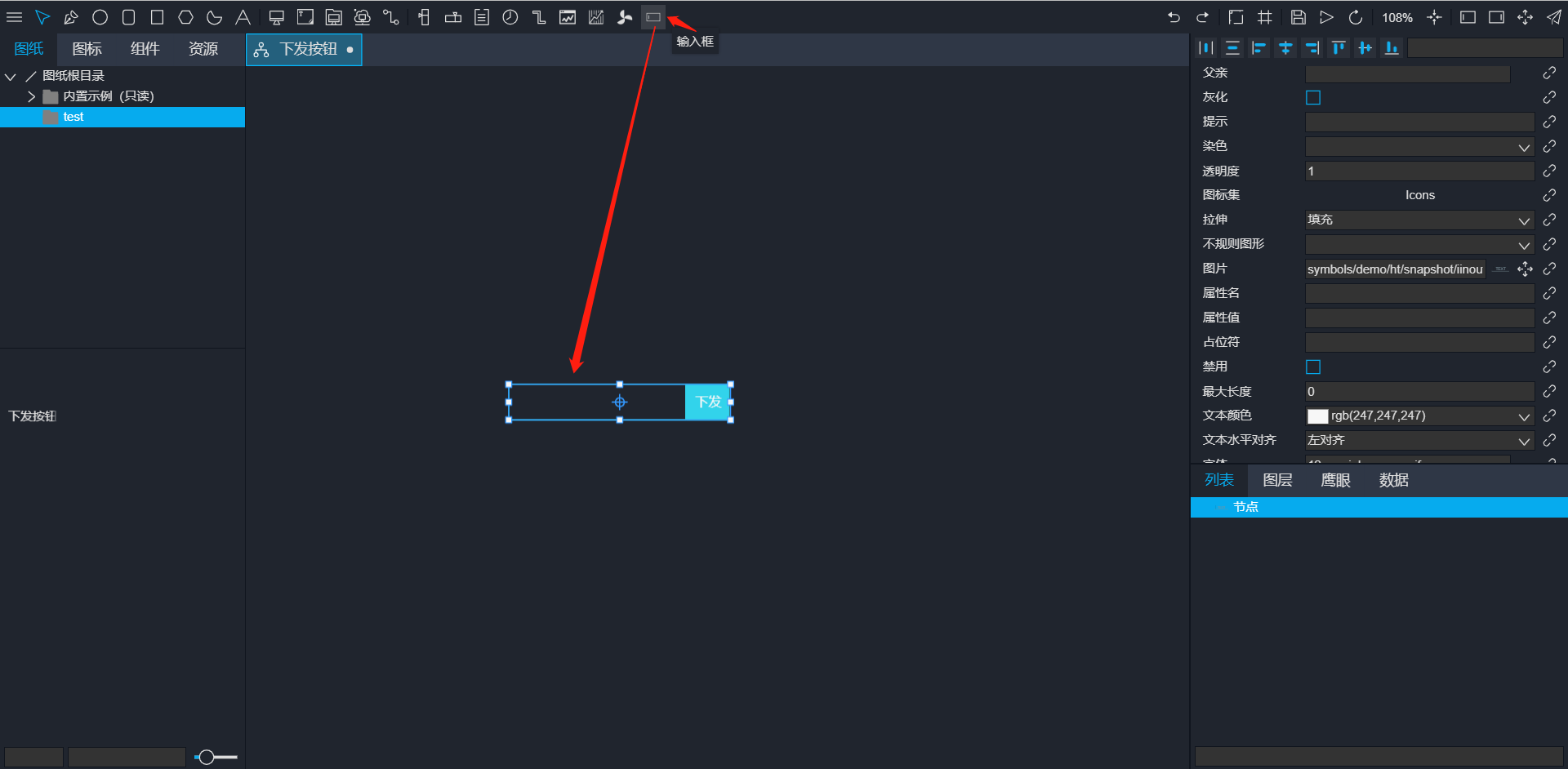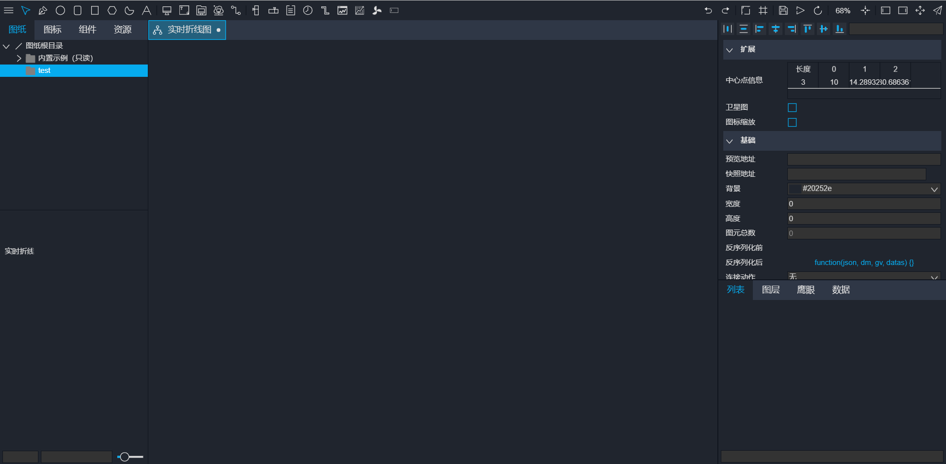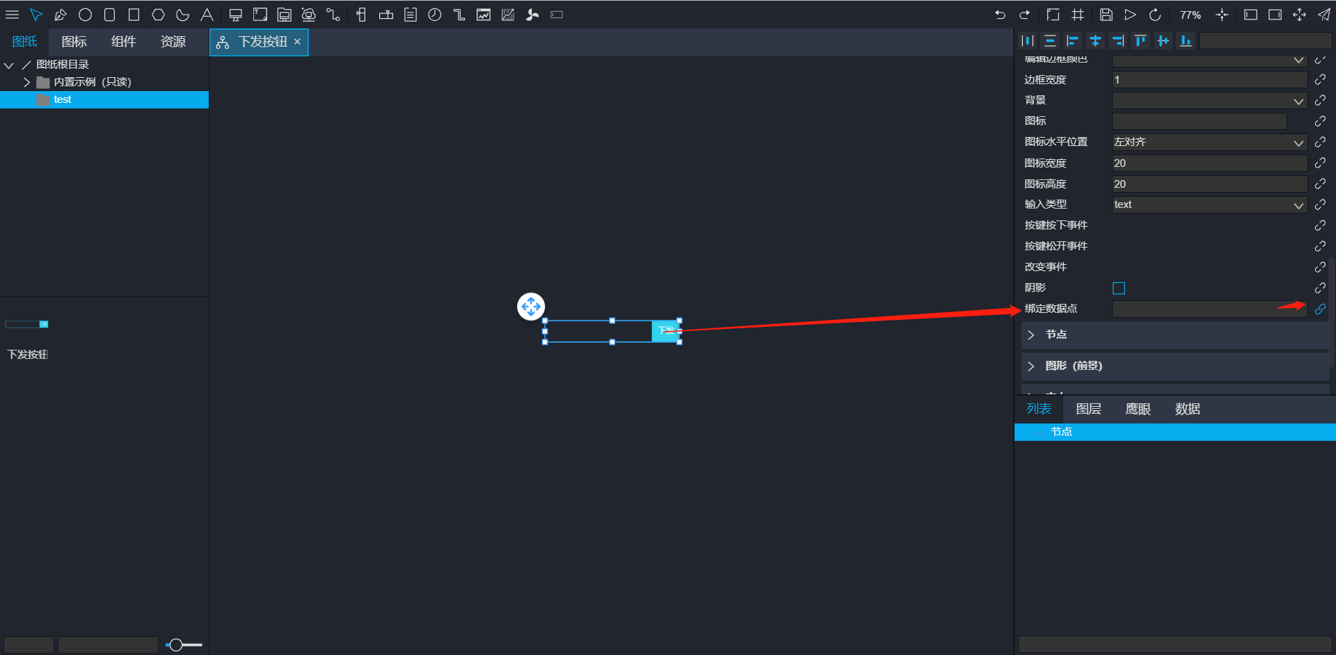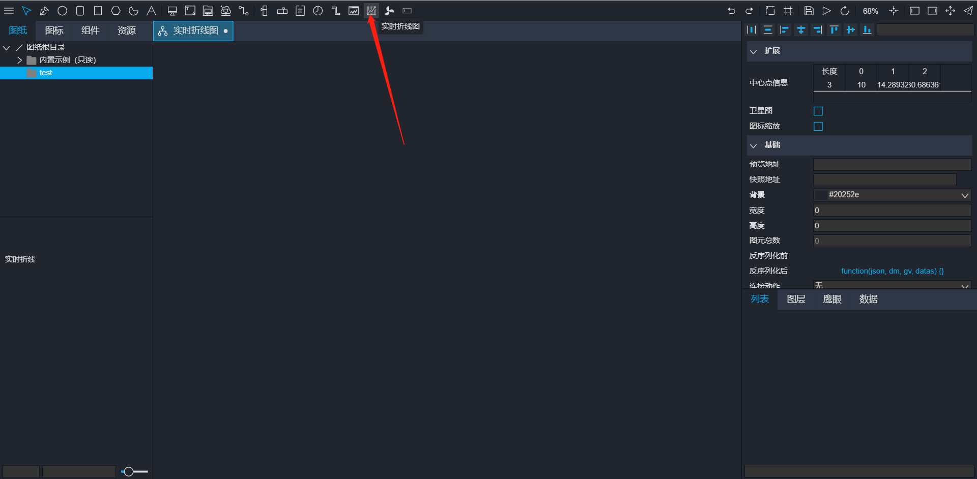 实时折线图 新建图纸选中左上方默认样式中的实时折线图拖到编辑区域内即可看到默认样式可编辑属性更改折线图样式绑定中台数据数据绑定后运行效果如下中台数据如下 下发按钮 新建图纸选中左上方默认样式中的下发按钮拖到编辑区域内即可看到默认样式绑定中台数据,打开事件处理使用效果,按钮或者回车都可以下发作者:IOTOS 创建时间:2022-03-07 11:53最后编辑:IOTOS 更新时间:2023-11-29 09:38
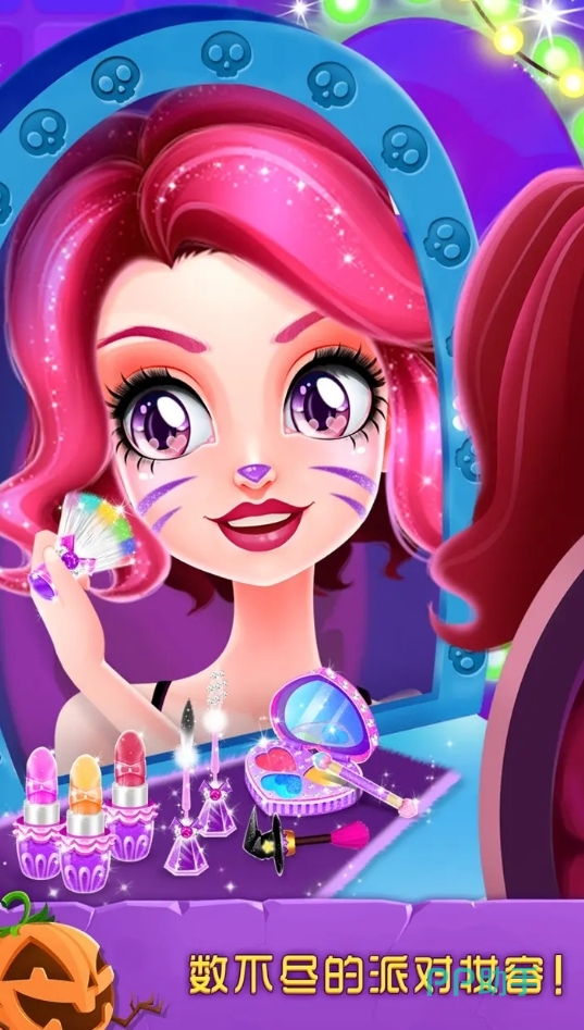 为了能在万圣节舞会上一鸣惊人,玩家们将协助角色搭配出能让人惊叹的美妆造型。它里边能用的化妆道具很是丰富,还有诸多配饰能随意搭配,使得各位能完全发挥出自己的创意,无论是为角色化一个有鬼怪元素的妆容,还是让她变成闪耀动人的公主,都能在玩家的化妆技术下得以实现。各位还能通过游戏内的一些趣味内容来获取很多的糖果,好兑换出更多可用道具用里完成妆容设计。
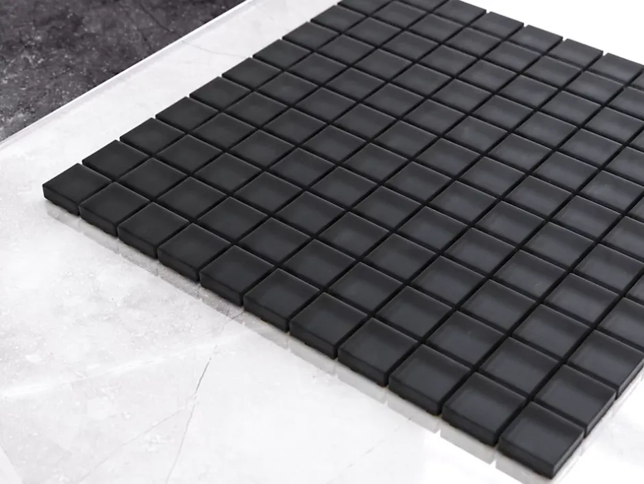 En verre. Idéal pour une installation murale dans les espaces intérieurs de la maison, mais également excellent pour créer des bandes et/ou des inserts décoratifs car il est facile à couper. Il s’adapte à toutes les surfaces, droites ou ondulées, également idéal pour les sols. La finition de surface permet un nettoyage facile. L’épaisseur de 6 mm est particulièrement adaptée à la pose en combinaison avec la plupart des carreaux.Type de décoration : mural/piscine/cuisine/salle de bain ;matière : verre ;type de finition : brillant ;taille de la carte : 2,5 cm x 2,5 cm ;taille de la plaque : 30 cm x 30 cm ;épaisseur de la mosaïque : 6 mm ;Nombre de plaques pour 1 m² : 11 ;poids de la plaque 30 cm x 30 cm : 1,3 kg.Résistant aux hautes températures et aux rayures ;Idéal comme revêtement de baignoire ou intérieur de cabine de douche ;Le verre de notre mosaïque a subi un traitement thermique breveté ;Facile à découper grâce à la maille en éco-cellulose.
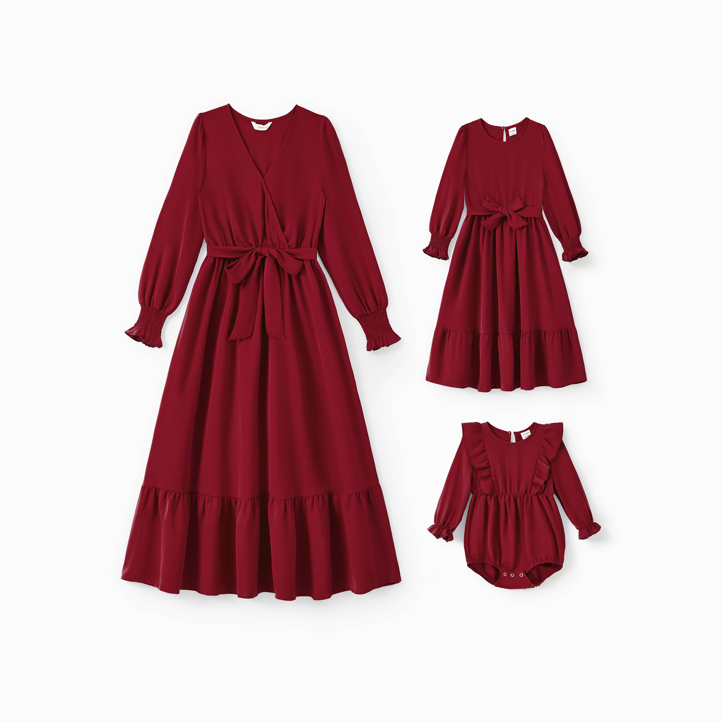 Conjunto de Vestidos a Juego Azul Marino para Mamá e Hija Diseño: ¡Elegancia coordinada en azul marino! - Mamá: Vestido midi cruzado con cintura con cinturón y mangas abullonadas – fluido, elegante y fácil de combinar. - Niña: Vestido con cintura de lazo y volantes para un dulce look a juego con mamá. - Bebé: Pelele con volantes, lindo y cómodo para tu pequeño. Material: 100% Poliéster. Tejido ligero y opaco que garantiza comodidad durante todo el día. Ocasión: Perfecto para fotos familiares, fiestas o ocasiones especiales – ¡brilla en estilo a juego azul marino! 【Nota Importante】 - Añade cada talla por separado al carrito: → Talla de mamá (vestido midi) → Talla de niña (vestido con cintura de lazo) → Talla de bebé (pelele con volantes) - Pieza: 1 pieza por talla. ¡Crea momentos eternos de madre e hija con este conjunto clásico!
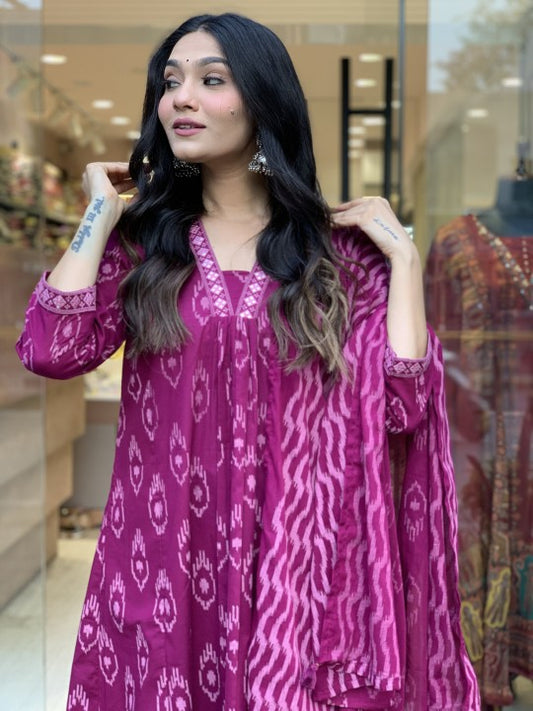 Ethnic Set Women Printed A-Line Purple Kurta and Pant Set With Dupatta
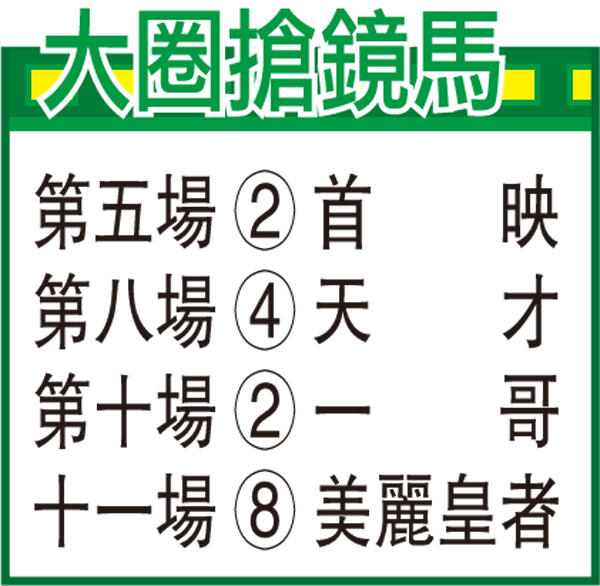 「首映」試手試兩段,主動搶走懶性大減,比前輕身,出腳變得開揚,馬身脹卜卜,此乃成長表現。
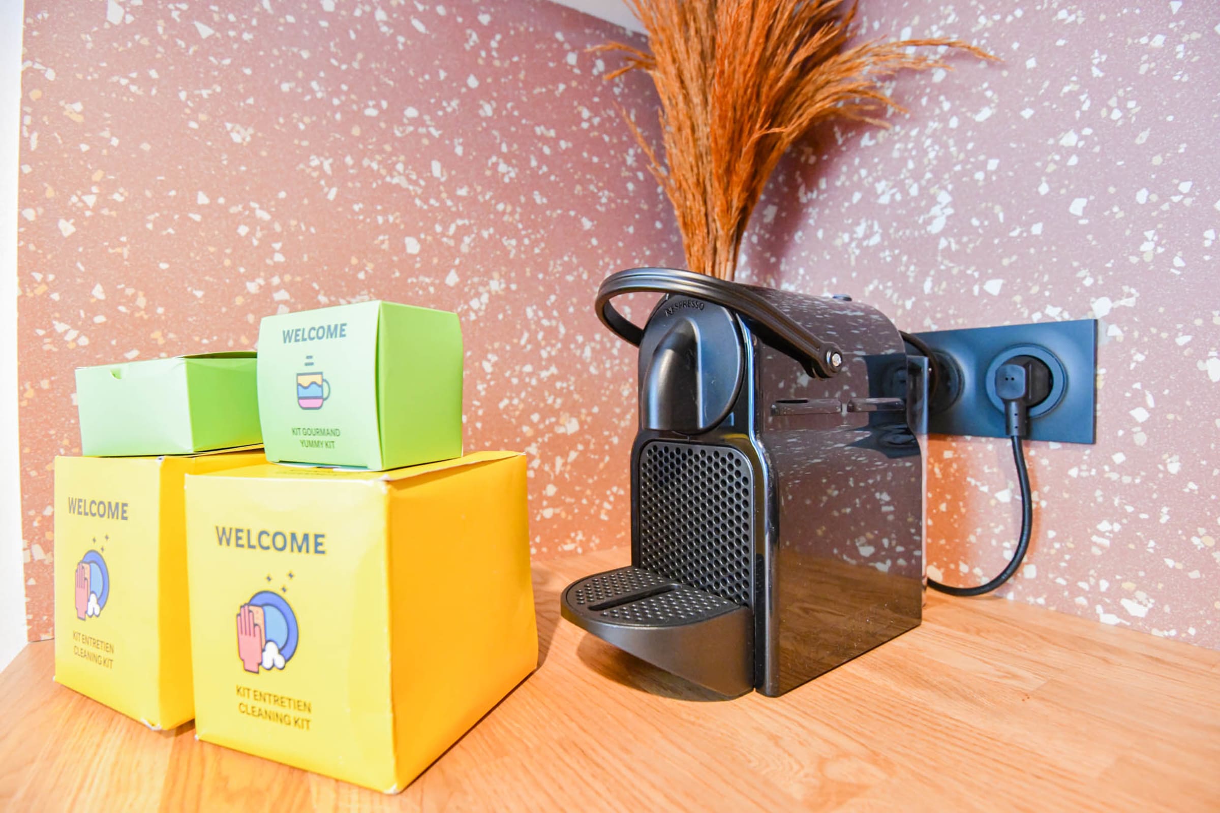 Afin de vous offrir le meilleur accueil, nous fournissons le linge de maison pendant toute la durée de votre séjour, y compris les draps, les couvertures et les serviettes de bain. De plus, des kits de bienvenue sont à votre disposition dès votre arrivée, contenant des capsules de café, du sucre, sel, poivre, gel douche, shampoing, papier toilette et une éponge.
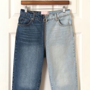 Revice Yin Yang Two Tone Wash High Waisted Slim Fit Ankle Cropped Jeans
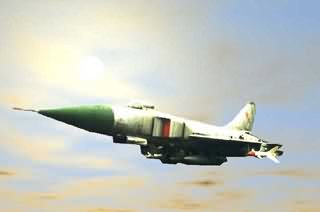 武器裝備:一門23毫米雙管機(jī)炮,備彈200發(fā)。機(jī)翼下共有4個(gè)外掛點(diǎn),可掛裝AA-3“阿納布”紅外制導(dǎo)或雷達(dá)制導(dǎo)空對(duì)空導(dǎo)彈、“蚜蟲”紅外制導(dǎo)近距空對(duì)空導(dǎo)彈、其它武器或副油箱。
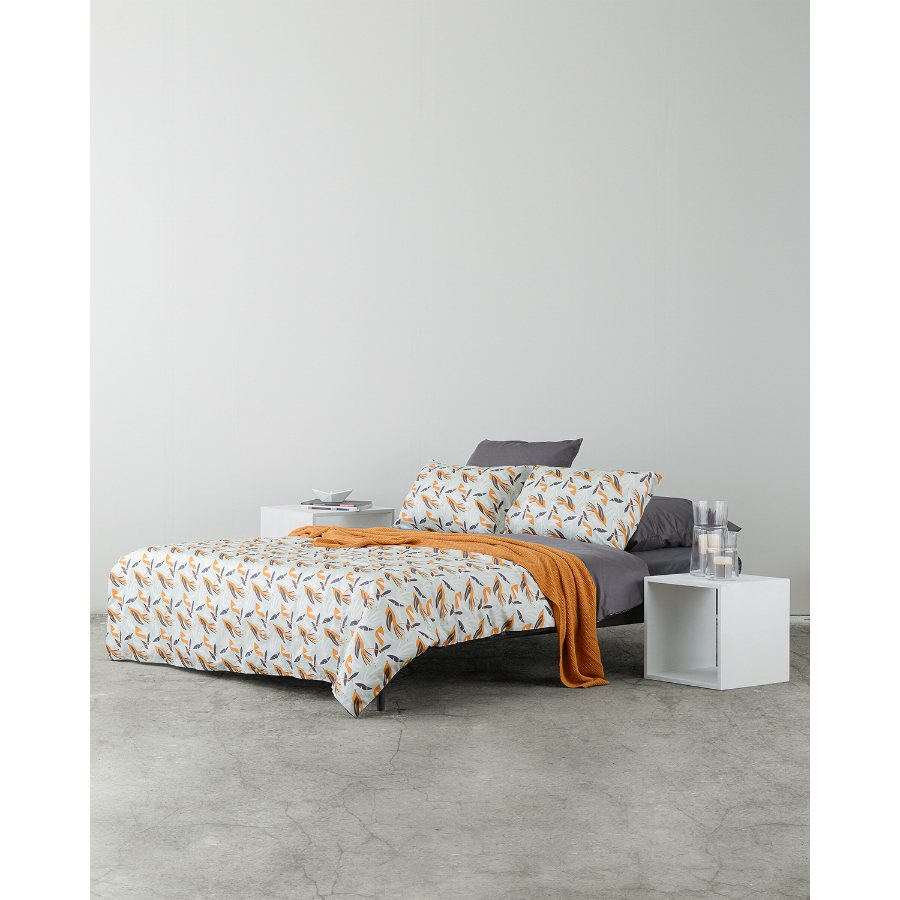 В комплекте: пододеяльник 150х200 см, застегивающийся на пуговицы, и две наволочки 50х70 см с системой закрытия клапан.
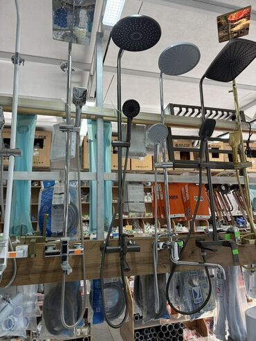 - Широкий выбор душевых стоек с верхним «тропическим» душем и ручной лейкой.
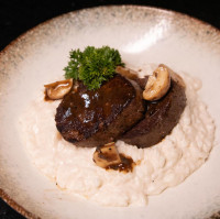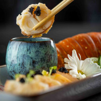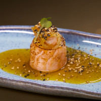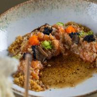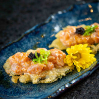 Salmão picado na ponta da faca, raspas de limão siciliano, mix de cogumelos, mel trufado, hondashi, ovas tobiko black, ovas de massago, folhas de arroz e molho trufado.
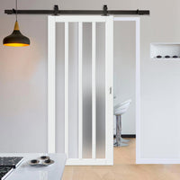 Top Mounted Black Sliding Track & Solid Wood Door - Eco-Urban® Sintra 4 Pane Solid Wood Door DD6428SG Frosted Glass - Cloud White Premium Primed
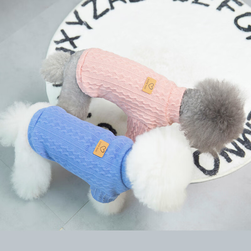 DogBaby狗狗衣服秋冬装新款可爱泰迪比熊博美犬冬季加厚保暖 21四色毛衣-天蓝 S码(背长20厘米:适合2-3斤)

..........

§ ACTIVITY
Treating the line with "为了能在万圣节舞会上一鸣惊人" as the last line to include, retype the records exactly from their first line, excluding pictures.

§ OUTPUT FOR THIS EXERCISE
 实时折线图 新建图纸选中左上方默认样式中的实时折线图拖到编辑区域内即可看到默认样式可编辑属性更改折线图样式绑定中台数据数据绑定后运行效果如下中台数据如下 下发按钮 新建图纸选中左上方默认样式中的下发按钮拖到编辑区域内即可看到默认样式绑定中台数据,打开事件处理使用效果,按钮或者回车都可以下发作者:IOTOS 创建时间:2022-03-07 11:53最后编辑:IOTOS 更新时间:2023-11-29 09:38
 为了能在万圣节舞会上一鸣惊人,玩家们将协助角色搭配出能让人惊叹的美妆造型。它里边能用的化妆道具很是丰富,还有诸多配饰能随意搭配,使得各位能完全发挥出自己的创意,无论是为角色化一个有鬼怪元素的妆容,还是让她变成闪耀动人的公主,都能在玩家的化妆技术下得以实现。各位还能通过游戏内的一些趣味内容来获取很多的糖果,好兑换出更多可用道具用里完成妆容设计。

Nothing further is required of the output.